Trabalho doméstico e o mito da felicidade na exploração
(Arte Revista CULT)
Por Janaína Costa
Vivemos um período em que questionar a exploração do trabalhador se torna automaticamente sinônimo de ingratidão, pois por existir um grande excedente de mão-de-obra ociosa, o simples fato de questionar seus direitos mínimos te coloca na rua e a substituição é imediata. Partindo para a discussão a respeito das empregadas domésticas, esse medo é constante, pois se perder o emprego tem que ser de forma amigável – ou não darão a referência para que ela consiga um novo trabalho, pois até uma simples referência depende da boa vontade do empregador – e se ela, assim como todo trabalhador, tiver obrigações no fim do mês, vai acabar se sujeitando a situações que chegam a beirar o cúmulo do absurdo.
São necessidades que mantêm essa pessoa em lugares que sugam sua energia, mas que antes de tudo estão legitimadas pelas seguintes questões: “e se eu sair agora? Como vou pagar o aluguel? Como vou cuidar do meu filho?” Tudo está interligado e nisso a desigualdade social alarmante dá o aval para que coisas desse tipo sigam acontecendo “normalmente”.
Nesse sentido, é possível notar uma desonestidade muito grande por parte dos que dizem “se não está feliz, é só sair”, pois isso não significa que essa funcionária não tenha dignidade ou respeito aos seus limites, mas sim que ela, antes de tudo, tem uma necessidade, que é legitimada por uma desigualdade.
Quando pensamos na questão da empregada doméstica negra, um fator pode ser somado a essa exploração, não bastando a opressão por classe, a opressão racial pode ser identificado como o maior fator que legitima essa permanência em postos subalternizados. E mesmo que essa funcionária negra se imponha de forma ativa, e largue essa função, existem milhares de outras mulheres negras na subalternidade, que ocuparão esse cargo de modo imediato, na maioria das vezes com um salário ainda menor, pois a grande reserva de mão de obra no Brasil é composta por pessoas negras.
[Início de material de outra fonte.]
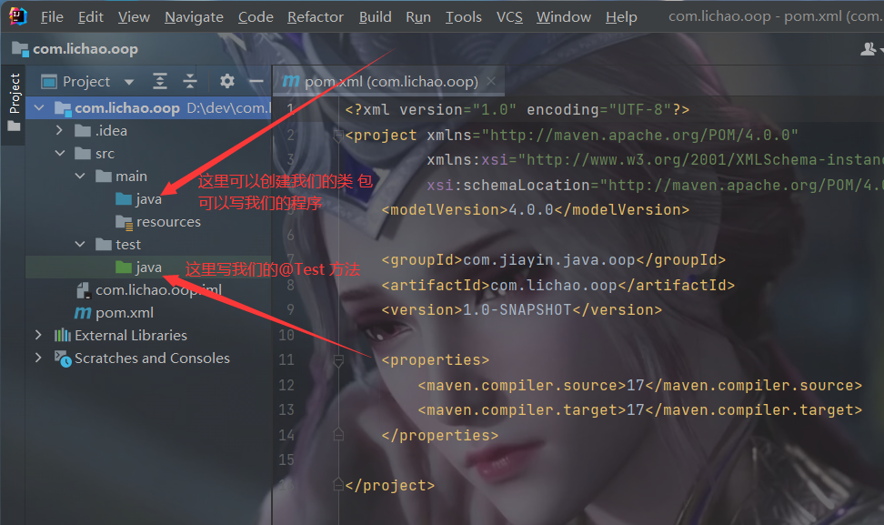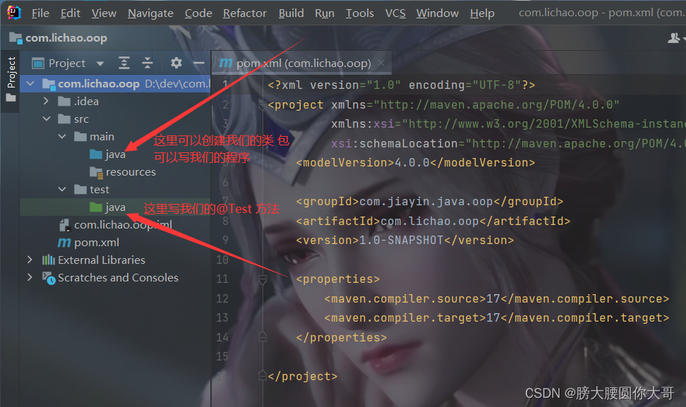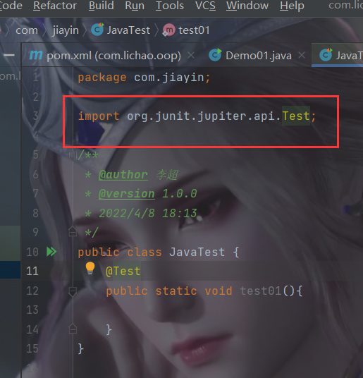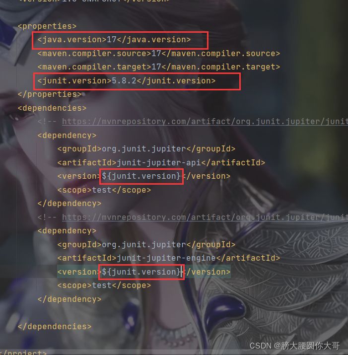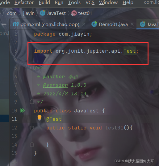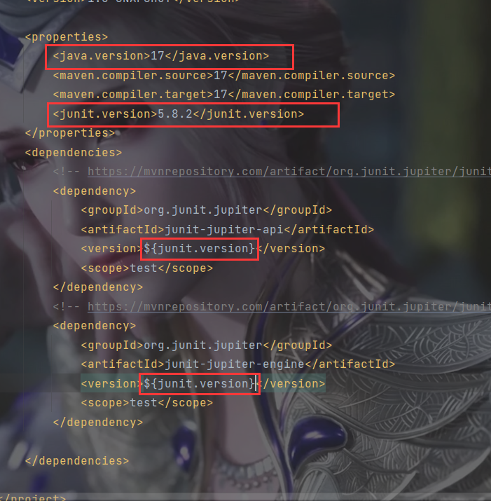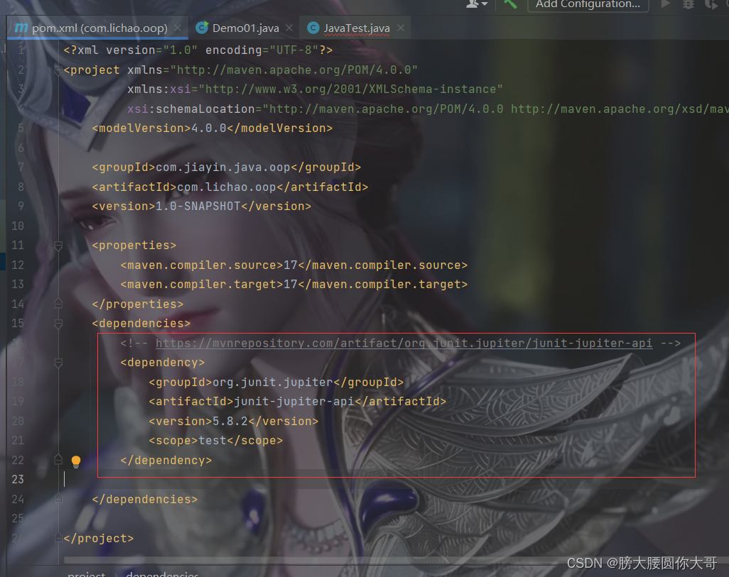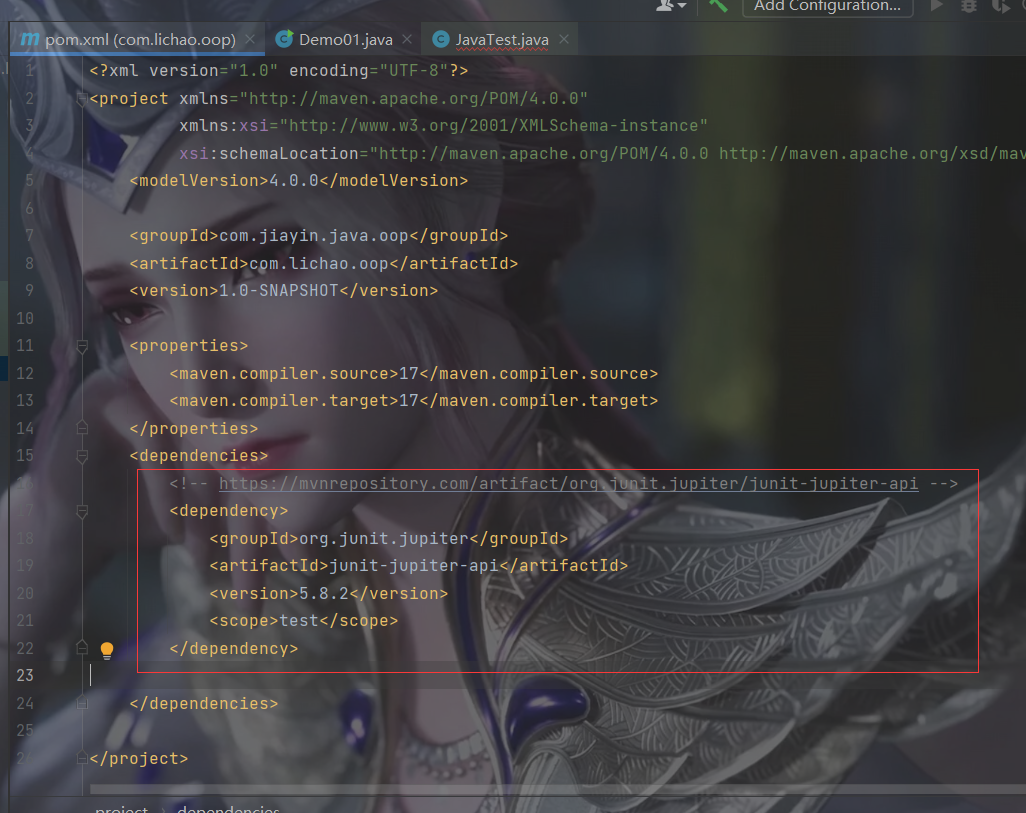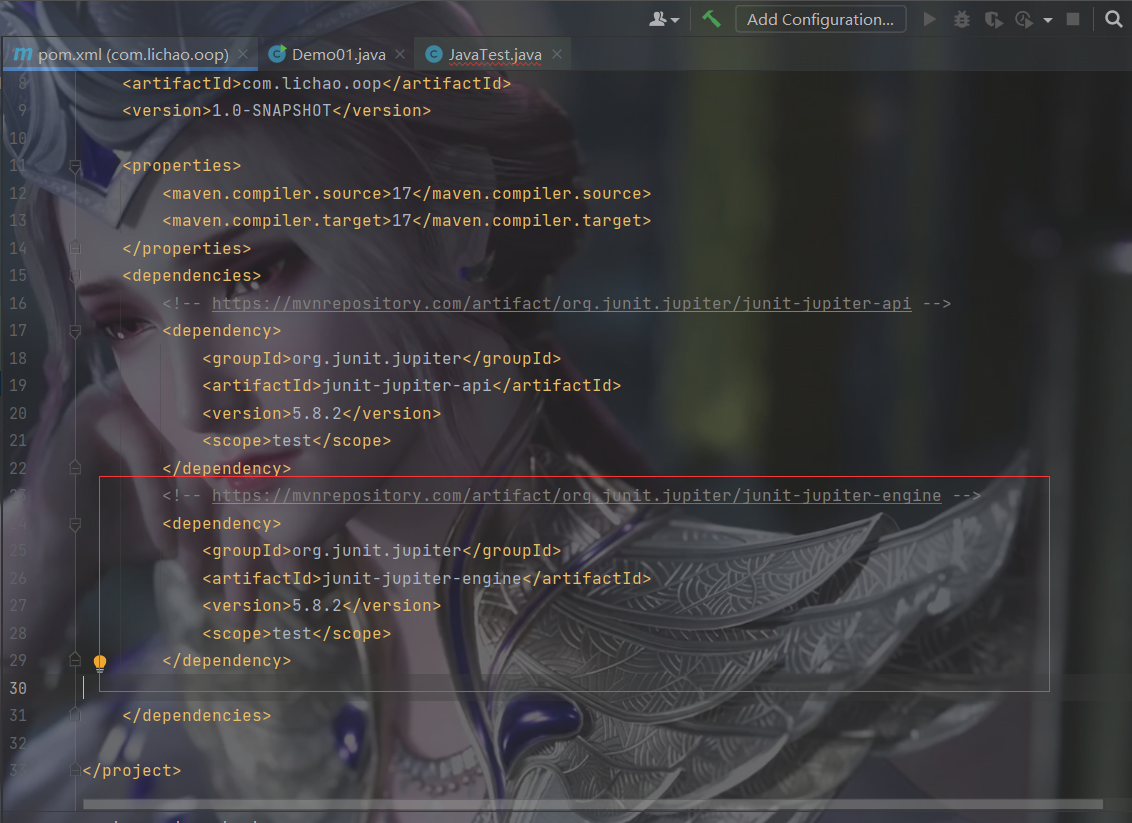 显而易见,报错了,这是因为没有junit依赖的原因,这时就需要我们的pom文件引入junit依赖

Para melhor elucidar o que foi dito anteriormente, cito um trecho da obra de Silvio Almeida, intitulada O que é racismo estrutural?:
“Poder-se-ia dizer que o racismo normaliza a superexploração do trabalho, que consiste no pagamento de remuneração abaixo do valor necessário para a reposição da força de trabalho e maior exploração física do trabalhador, o que pode ser exemplificado com o trabalhador ou trabalhadora que não consegue com o salário sustentar a própria família a ou o faz com muita dificuldade, e isso independentemente do número de horas que trabalhe. A superexploração do trabalho ocorre especialmente na chamada periferia, onde em geral o capitalismo se instalou sob a lógica colonialista. O racismo, certamente, não é estranho à expansão colonial e à violência dos processos de acumulação primitiva de capital que liberam os elementos constitutivos da sociedade capitalista.”
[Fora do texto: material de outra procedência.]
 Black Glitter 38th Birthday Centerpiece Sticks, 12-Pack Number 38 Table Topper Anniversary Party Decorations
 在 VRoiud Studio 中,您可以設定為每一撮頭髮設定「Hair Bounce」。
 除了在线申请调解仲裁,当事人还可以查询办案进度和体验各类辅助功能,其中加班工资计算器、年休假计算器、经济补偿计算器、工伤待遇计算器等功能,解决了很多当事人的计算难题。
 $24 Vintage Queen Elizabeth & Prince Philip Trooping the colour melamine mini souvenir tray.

Essa trabalhadora, na maioria dos casos, não escolhe pelo trabalho doméstico. Tratando-se de uma mulher negra, essa é a função que a sociedade – seja através da grande mídia ou do imaginário social que se cria a partir das representações propagadas – reforça que seja correta para ela. E o racismo age em parceria com o capitalismo: mesmo numa incessante luta para fugir dessa função, a grande maioria não consegue, pois essa função está apoiada numa mentalidade escravocrata, diariamente naturalizada pelo imaginário social como “coisa de preta/preto.”
Ninguém em sã consciência opta pela exploração, pela humilhação, por dormir em quartinhos com dimensões de uma caixa de sapato, por comer os restos, ou até não comer. Essa trabalhadora não tem opções além de morrer de fome ou se sujeitar. Ela se sujeitará mesmo com as dificuldades, pois tem que garantir sua sobrevivência e a sobrevivência dos seus. Entendam que mesmo se sujeitando a escalas abusivas, a salários baixos e condições desumanas, isso não significa simplesmente dizer que não exista dignidade, que não exista a vontade de simplesmente ir embora. Isso existe, mas o capitalismo e o racismo ainda são instrumentos de desumanização e exploração que a cada dia que passa ganham força e se encontram cada vez mais alinhados.
Com a tomada de consciência de classe, de consciência racial dessa trabalhadora ou trabalhador, surgem também novas perspectivas em relação ao futuro, seja pensando numa revolução ou simplesmente entendendo que sua condição de explorado não é consequência do seu fracasso pessoal, da falta de esforço, e que os culpados não podem ser simplesmente individualizados. Os culpados se apresentam na forma de sistemas que precisam ser combatidos, pois são eles que impulsionam essas desigualdades – nesse caso, a opressão por meio da harmonia existente entre racismo e capitalismo.